Navel Gazing on Goblins & Their Narrative Purpose

In my opinion goblins currently occupy a strange place in the fantasyland milieu. They've been increasingly treated as people-like. Goblin is a playable race in several D&D settings, Eberron and Ravnica come to mind as well as their core ancestry status in Pathfinder 2E. In these settings goblins are people with all the implications that brings. They have varied emotions and outlooks. Goblins can be smart, clean, dirty, angry, pacifistic, inventive, industrious, cruel, and any number of other things. Goblins have societies, friends, and children whom they love.

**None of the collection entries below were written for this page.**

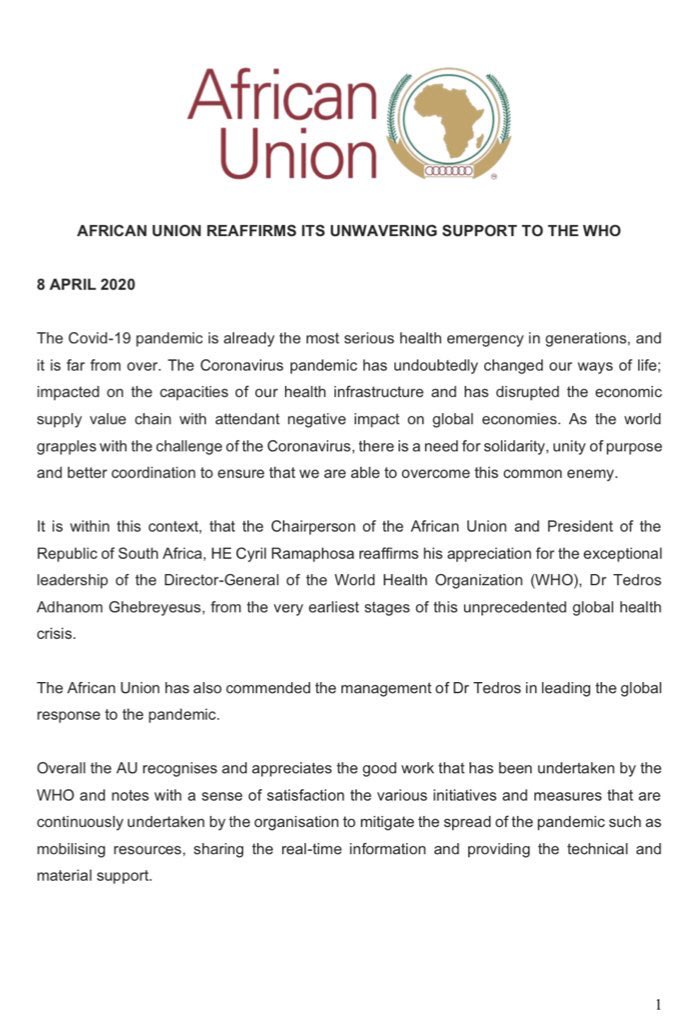 The message is clear. We fully share your points, your Excellency. The most important thing at this moment is to save lives. WHO'S leading role is irreplaceable.https://twitter.com/CyrilRamaphosa/status/1247991758627188736 …
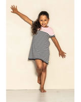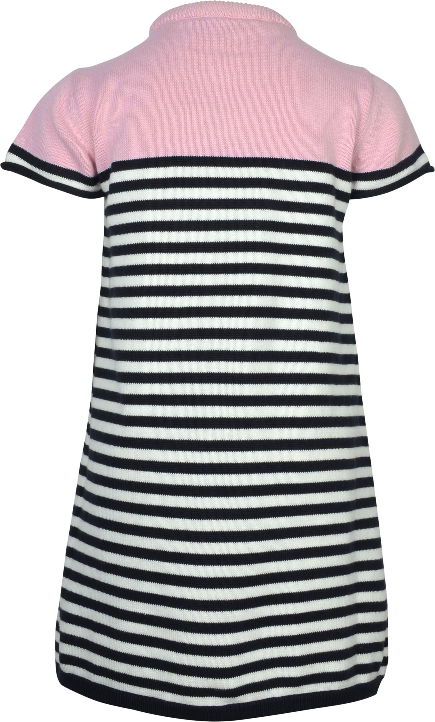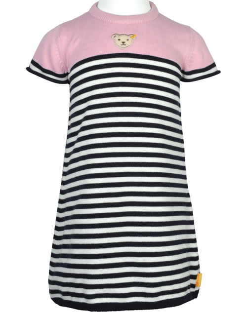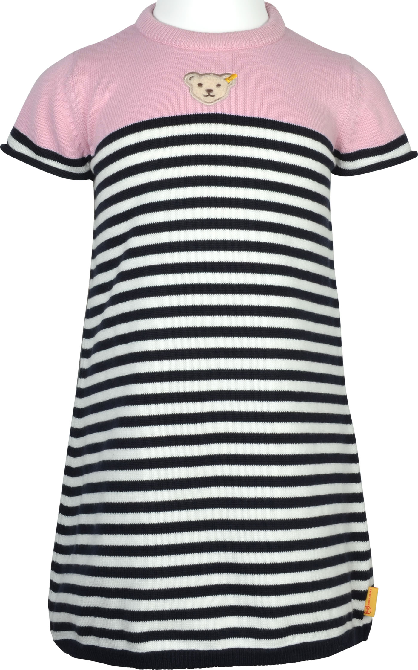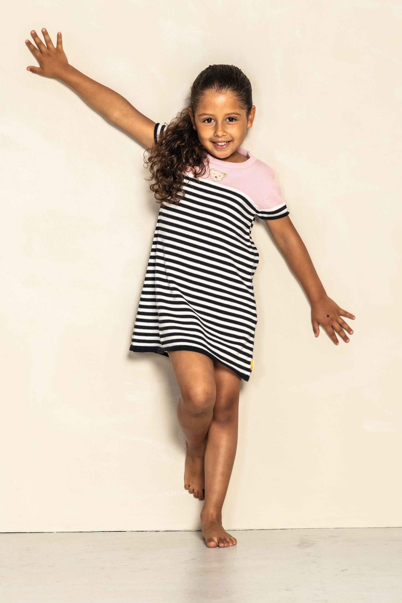 Hübsch geringeltes Kleid von STEIFF aus der Beach Please Kollektion. Das Strickkleid ist aus Baumwolle und in leichter A-Linie geschnitten. Schöne Details sind die Rollbündchen an den Ärmeln und der STEIFF Bär auf der Vorderseite. Das Kleid lässt sich prima mit Leggings oder Jeans kombinieren und kann natürlich auch solo getragen werden.
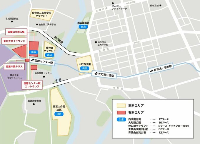 有料観覧席は4500円からで、東北大学のグラウンド、地下鉄東西線の国際センター駅エントランス、青葉山交流広場、青葉の風テラスの4エリアに5つ設けられます。
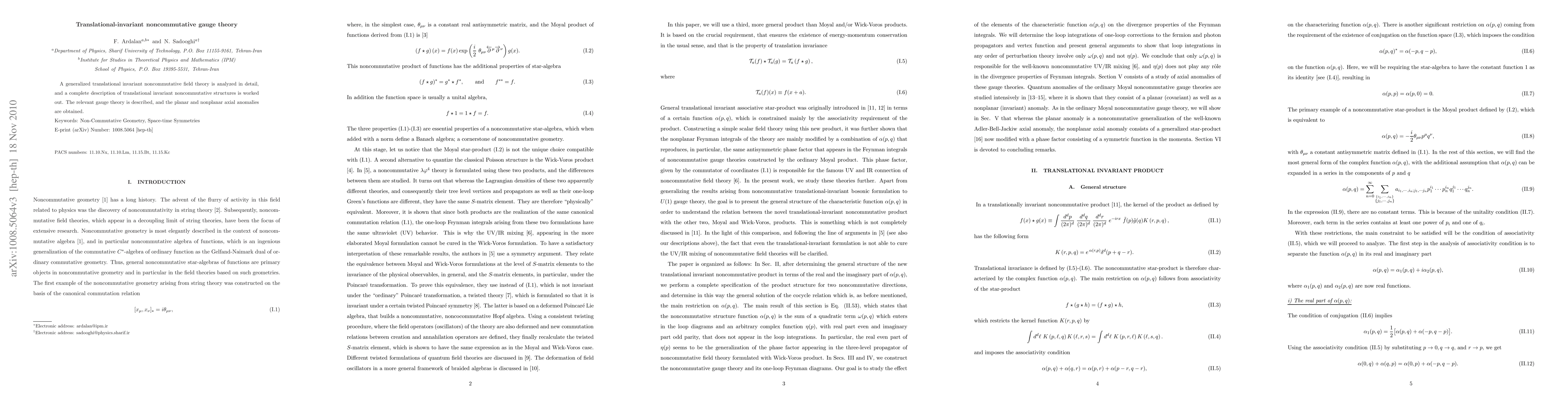 A generalized translational invariant noncommutative field theory is analyzed in detail, and a complete description of translational invariant noncommutative structures is worked out. The relevant gauge theory is described, and the planar and nonplanar axial anomalies are obtained.
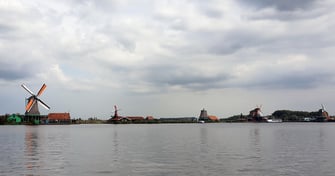 Wederom een schitterende dag. Op kantoor is de temperatuur gelukkig goed afgestemd met de prestaties die er geleverd moeten worden. Zoals een aantal weken geleden was het geen feest om in een leren pak op de motor terug naar huis te rijden. Veel te heet. Na het avondeten trok ik de wandelschoenen aan en liep langs de Zaan naar Wormerveer. Inmiddels een gebruikelijk 'ommetje', maar ik nam wel een extra brug. Op het werk zijn we met een challenge bezig om te bewegen/lopen. Ik had dus een titel te verdedigen (ik won). Zo super dat je door het mooie weer in de gelegenheid bent om na je werk nog zo lang buiten te zijn!
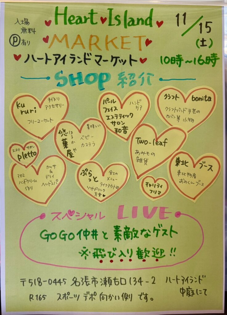 ぜひ、11/15(土)はハートアイランドにお越しください。
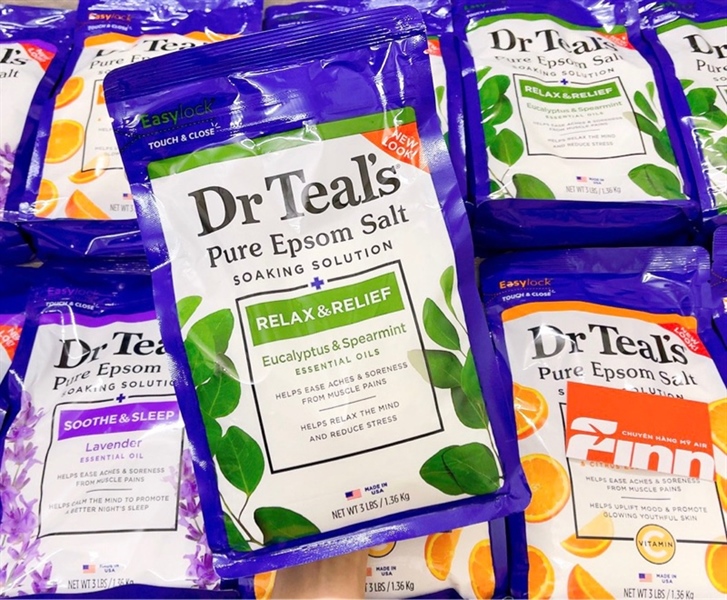 (SALE-SNL) Muối tắm ngâm bồn Dr Teal's Relax & Relief Eucalyptus & Spearmint Pure Epsom Bath Salt 1.36kg
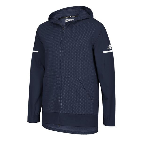 Get selected to the best corporate fashion squad by putting on the branded adidas Men's Collegiate Navy/White Squad Jacket. The stylish jacket includes a stand collar, as well as ribbed hem, cuffs, and collar to make you the apparel star at the next company sponsored event. Super soft cotton feels soft on the body to keep you energized during intense athletic competitions. Rugged polyester withstands the punishment absorbed from your active lifestyle. Machine wash the track jacket and never have to worry about the colors fading. Add your company logo to reach more customer prospects at industry conventions.Highlights
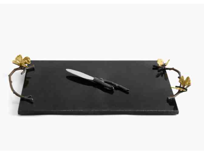 The Butterfly Ginkgo Collection celebrates the representation of flora as fauna. Michael's fascination with a particular type of ginkgo tree , the Ginkgo Biloba, or "Butterfly Ginkgo", which grows with a double leaf reminiscent of a butterfly's wings, gave rise to a fantasia image of the plant. Executed at the highest level of handcraftsmanship, each piece is rendered in solid brass with hand etched cocoon-shaped vessels. The pieces in the collection are a tour de force of the handcrafted process, capturing the poetic spirit that is so deeply indicative of Michael's work.
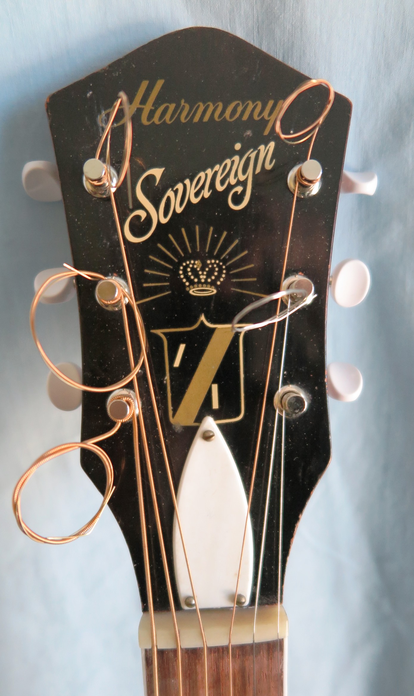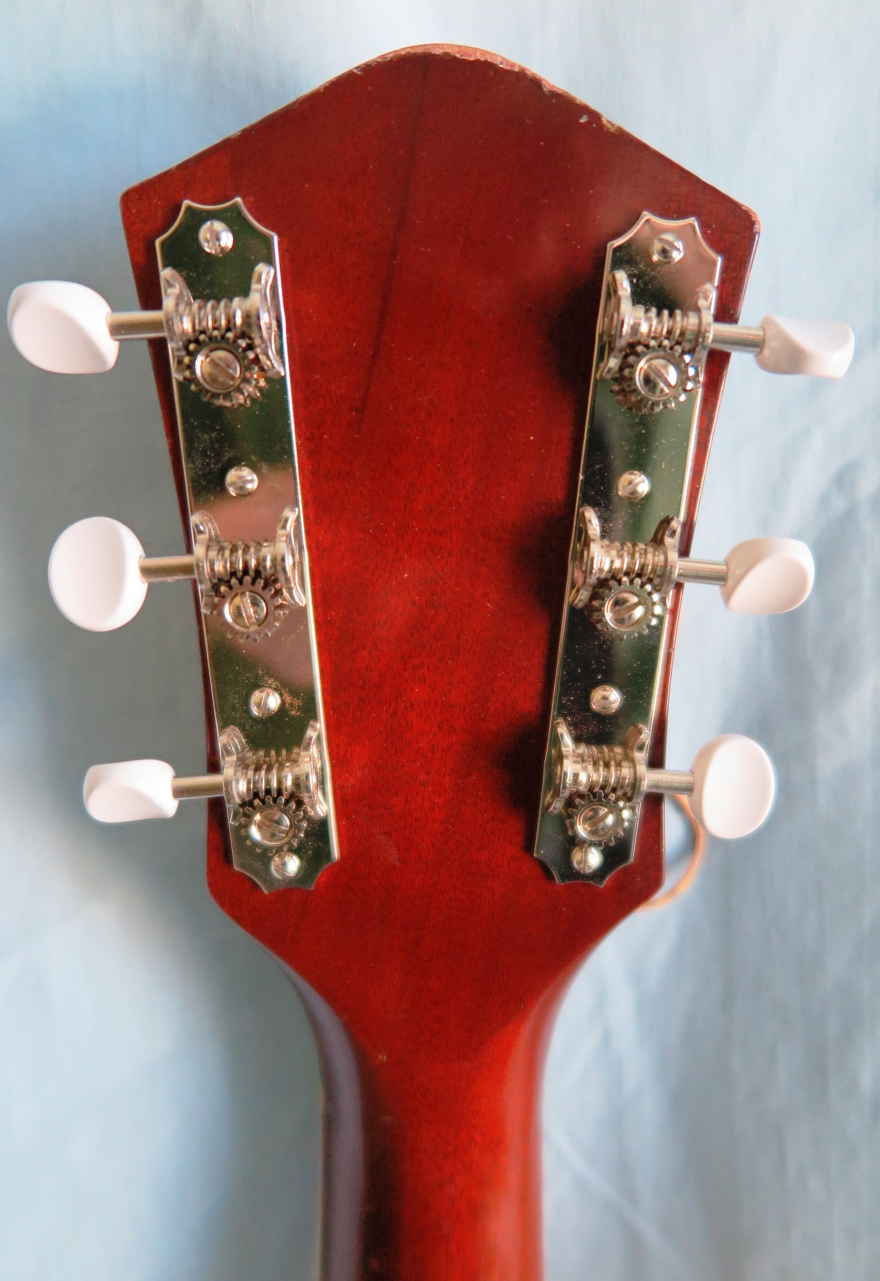 We pay attention to fine details. The inside back and sides are cleaned up and sanded smooth. We chip out all of the glue globs. Braces are tapered and sanded smooth. Serial numbers (if any) are preserved. Back braces are rounded and sanded smooth. We use a drill press and reamer to install new solid metal bushings and modern tuners. We do what Harmony should have done 50 years ago.

I feel like this is something of a misstep. Goblins which have been granted narrative personhood seem to me to be nothing more than slightly grotty gnomes, and often they're actually not even that grotty. They're small, they make things, they play tricks, but also they're dirty. It's like taking the strong stereotyped characteristics of the various dragons and throwing them all away. I understand (and enjoy) the depiction of slightly grotty gnomes as PCs in those settings, but I don't think it's the right fit for my fantasyland. 

My conclusion is that my goblins are wolves with opposable thumbs. Sure they sometimes have good humour, sometimes can be convinced and bartered with, but at the end of the day they're there to provide a low-level foe who nonetheless acts with near-human levels of wit and tactics.

But, you say, can't regular full-personhood humans fill this role just as well ? To which my answer is, yes you're right, but generally (and in my mind healthily) people balk at declaring a group of persons killable with impunity. That's exactly why I think it's a mistake to give a real proper personhood to the goblin. The way in which I deploy goblins, I don't want the PCs - or indeed the players - to worry about what to do with the goblin children, there are other species with full personhood to foist that dilemma upon the them if that's what we want.

I am acutely aware of the problem that exists in labelling near human intelligences as non-persons and giving narrative permission to kill them with impunity. So instead I say they occupy a category of thing more like an elemental, ghost, or vampire. All of these things are generally presented as being intelligent and person-like to lesser or greater extents but they all have something about them which makes them not-people. They're not made of flesh and blood, they aren't assumed to reproduce in a 'natural' fashion and they don't generally have a culture or a society in the way we imagine such things.

So I'm removing certain things from goblins so that they are as far away from being people as possible whilst still keeping their cunning. They don't have genders or sexes, they don't need to eat, they don't reproduce and have little goblin children, they don't have little goblins hopes and dreams, they barely have a long-term memory at all and they aren't made of flesh and blood, if you cut them you find dirt and sticks.